A Nicarágua registrou nesta terça-feira (26) um aumento acentuado no número de casos da COVID-19, chegando a 759, além de 35 mortes contabilizadas hoje, bem acima do balanço divulgado pelo governo última semana, segundo o Ministério da Saúde (MINSA).

Entre 19 e 26 de maio, foram registrados 480 novos casos e 18 mortes, além de um total de 759 casos e 35 mortos, segundo o relatório do secretário-geral do ministério, Carlos Sáenz.

Diferentemente de outros países, as autoridades nicaraguenses da saúde apresentam seus números da COVID-19 uma vez por semana, e antes de registrar 279 casos na última semana, as autoridades tinham registrado somente 25 infectados pelo vírus.

Sáenz disse que desde o primeiro caso no último 18 de março, 885 pessoas receberam tratamento e 370 se recuperaram.

O relatório revela um aumento da pandemia pela segunda semana consecutiva, mas as autoridades ainda não reconheceram a existência transmissão comunitária.

A ONG Observatório Cidadão contabilizou 2.300 casos até 20 de maio, mais de 400 mortes e um sistema de saúde em colapso.
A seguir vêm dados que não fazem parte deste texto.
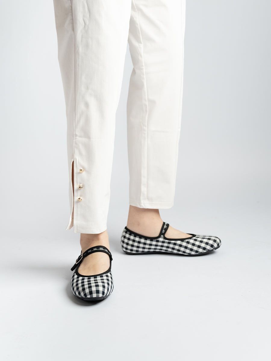 Embrace modern elegance and slip into these stunning Heidi Checkered Strap Flats. Make every step a statement with these chic checkered ballerina flats. Designed for the modern woman, they blend timeless patterns with everyday comfort. The classic checkered print adds a bold, stylish touch to any outfit, whether paired with casual denim or a polished dress. Effortless elegance for every occasion.

A diretora da Organização Pan-Americana da Saúde (OPAS), Clarissa Etienne, disse nesta terça em Washington que já existe "transmissão comunitária" na Nicarágua, o que indica que o vírus circula em um território sem que as autoridades de saúde possam perceber a origem dos casos.

Etienne alertou que as projeções são de um "aumento acentuado" da pandemia para esse país de 6,2 milhões de pessoas.

"Projetamos um forte aumento de casos na Nicarágua, independentemente das limitações que temos no acesso aos dados", disse Etienne durante uma videoconferência em Washington.

Ciro Ugarte, diretor de emergência da Opas, considerou que para reduzir o impacto da pandemia, "é essencial tornar transparentes os dados" da COVID-19, para que a população possa tomar medidas de precaução adequadas.

A Opas solicitou o envio de especialistas para realizar uma avaliação epidemiológica do país, mas o governo não respondeu ao pedido, segundo a organização.

A Nicarágua não estabeleceu medidas de contenção para impedir a disseminação do coronavírus, e até promove aglomerações, questões criticadas pelas organizações internacionais e dos direitos humanos.